A ministra do Supremo Tribunal Federal (STF), Cármen Lúcia, votou a favor de derrubar a flexibilização da Lei da Ficha Limpa nesta terça-feira (22). A magistrada entendeu que os trechos que limitam o prazo de inelegibilidade de políticos condenados são inconstitucionais. 

As flexibilizações, que diminuem o tempo de punição para deputados, senadores, vereadores, governadores e prefeitos, foram aprovadas no ano passado pelo Congresso Nacional. Segundo a ministra, as mudanças violam os princípios da probidade administrativa e moralidade pública e “estabelecem cenário de patente retrocesso”. 

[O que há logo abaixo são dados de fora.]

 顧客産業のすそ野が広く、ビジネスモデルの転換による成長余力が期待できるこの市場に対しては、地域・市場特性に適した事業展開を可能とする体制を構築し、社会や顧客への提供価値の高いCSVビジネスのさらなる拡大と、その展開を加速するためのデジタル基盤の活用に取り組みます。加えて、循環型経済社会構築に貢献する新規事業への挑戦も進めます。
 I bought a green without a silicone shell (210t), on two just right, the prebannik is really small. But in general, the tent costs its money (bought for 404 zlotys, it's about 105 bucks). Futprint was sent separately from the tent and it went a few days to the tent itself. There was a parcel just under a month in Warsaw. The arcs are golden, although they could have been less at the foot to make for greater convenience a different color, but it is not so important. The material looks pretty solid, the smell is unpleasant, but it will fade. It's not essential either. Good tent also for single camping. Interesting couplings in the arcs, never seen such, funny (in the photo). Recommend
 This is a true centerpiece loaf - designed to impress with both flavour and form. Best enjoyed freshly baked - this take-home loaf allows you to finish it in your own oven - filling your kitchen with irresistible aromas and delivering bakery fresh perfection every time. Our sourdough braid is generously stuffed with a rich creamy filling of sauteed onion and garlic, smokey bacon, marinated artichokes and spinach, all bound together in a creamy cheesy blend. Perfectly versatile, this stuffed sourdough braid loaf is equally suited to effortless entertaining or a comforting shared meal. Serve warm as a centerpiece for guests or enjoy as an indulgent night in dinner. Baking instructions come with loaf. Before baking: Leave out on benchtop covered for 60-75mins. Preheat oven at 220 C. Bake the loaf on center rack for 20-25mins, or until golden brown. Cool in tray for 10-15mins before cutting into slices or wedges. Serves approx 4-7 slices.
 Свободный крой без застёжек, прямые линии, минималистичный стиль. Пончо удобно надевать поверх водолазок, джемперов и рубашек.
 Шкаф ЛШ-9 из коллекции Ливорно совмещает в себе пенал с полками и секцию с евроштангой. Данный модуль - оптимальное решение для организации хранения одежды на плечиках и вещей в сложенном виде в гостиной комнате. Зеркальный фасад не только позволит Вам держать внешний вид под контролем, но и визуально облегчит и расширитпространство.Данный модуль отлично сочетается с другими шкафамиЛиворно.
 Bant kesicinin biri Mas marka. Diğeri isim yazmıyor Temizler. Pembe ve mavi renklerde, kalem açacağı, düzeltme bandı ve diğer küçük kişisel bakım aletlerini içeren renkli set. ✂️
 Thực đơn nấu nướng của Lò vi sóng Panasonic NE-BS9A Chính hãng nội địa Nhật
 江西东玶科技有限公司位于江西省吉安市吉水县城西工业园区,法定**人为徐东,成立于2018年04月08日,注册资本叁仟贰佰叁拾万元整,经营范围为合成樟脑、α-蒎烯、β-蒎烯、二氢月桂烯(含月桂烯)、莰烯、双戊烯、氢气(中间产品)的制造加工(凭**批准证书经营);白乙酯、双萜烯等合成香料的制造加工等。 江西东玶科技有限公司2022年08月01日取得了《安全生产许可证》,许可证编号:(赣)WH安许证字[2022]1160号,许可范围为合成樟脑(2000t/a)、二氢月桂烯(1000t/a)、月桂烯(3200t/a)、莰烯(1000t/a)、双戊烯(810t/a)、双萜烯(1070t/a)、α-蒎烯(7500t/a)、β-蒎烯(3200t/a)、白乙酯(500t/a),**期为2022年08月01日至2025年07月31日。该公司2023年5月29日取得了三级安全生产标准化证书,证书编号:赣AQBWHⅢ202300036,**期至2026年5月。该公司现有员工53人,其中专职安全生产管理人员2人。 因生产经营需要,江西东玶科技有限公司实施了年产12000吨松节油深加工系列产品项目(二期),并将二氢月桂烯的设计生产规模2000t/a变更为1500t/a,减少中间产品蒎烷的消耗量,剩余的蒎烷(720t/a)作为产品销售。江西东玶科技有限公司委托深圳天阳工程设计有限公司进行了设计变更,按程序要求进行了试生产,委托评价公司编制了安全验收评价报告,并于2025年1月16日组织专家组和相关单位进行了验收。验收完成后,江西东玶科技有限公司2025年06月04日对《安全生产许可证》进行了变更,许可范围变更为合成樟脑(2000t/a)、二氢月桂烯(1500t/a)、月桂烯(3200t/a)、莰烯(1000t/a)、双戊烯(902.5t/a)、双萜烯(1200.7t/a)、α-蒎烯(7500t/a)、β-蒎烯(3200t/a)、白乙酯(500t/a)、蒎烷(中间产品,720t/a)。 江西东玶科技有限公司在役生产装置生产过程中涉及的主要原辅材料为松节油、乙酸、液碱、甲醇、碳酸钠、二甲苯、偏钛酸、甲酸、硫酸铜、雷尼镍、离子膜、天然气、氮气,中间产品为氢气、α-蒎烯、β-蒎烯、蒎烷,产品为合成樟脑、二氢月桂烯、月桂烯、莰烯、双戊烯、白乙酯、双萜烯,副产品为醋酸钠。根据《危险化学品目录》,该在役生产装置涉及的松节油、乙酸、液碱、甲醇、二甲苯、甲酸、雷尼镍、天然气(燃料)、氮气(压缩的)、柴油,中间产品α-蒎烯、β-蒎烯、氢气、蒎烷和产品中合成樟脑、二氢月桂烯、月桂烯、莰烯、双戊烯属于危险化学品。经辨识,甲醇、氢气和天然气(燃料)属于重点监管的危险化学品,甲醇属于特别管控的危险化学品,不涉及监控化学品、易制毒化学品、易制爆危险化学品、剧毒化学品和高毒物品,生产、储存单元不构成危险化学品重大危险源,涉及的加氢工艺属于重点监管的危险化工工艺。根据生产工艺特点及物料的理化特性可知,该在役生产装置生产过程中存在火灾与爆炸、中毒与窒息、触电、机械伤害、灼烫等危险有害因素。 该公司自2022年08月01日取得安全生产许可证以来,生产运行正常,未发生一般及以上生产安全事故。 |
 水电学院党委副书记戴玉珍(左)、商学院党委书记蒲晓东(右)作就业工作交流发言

“O Supremo Tribunal atua no sentido de afastar por antijurídicos quaisquer comportamentos e atos que impeçam, dificultem ou embacem a probidade administrativa e a moralidade pública inerente ao regime republicano”, argumentou Cármen Lúcia. “Não pode participar da vida política-eleitoral quem descumpre as normas constitucionais e legais”, frisou a ministra.

O voto de Cármen Lúcia aconteceu no âmbito de uma ação direta de inconstitucionalidade (ADI) que questiona as alterações na Lei da Ficha Limpa, que o Supremo iniciou o julgamento nesta sexta-feira (22). A análise acontece em plenário virtual e vai até a próxima sexta-feira (29). A ministra foi a primeira a se manifestar.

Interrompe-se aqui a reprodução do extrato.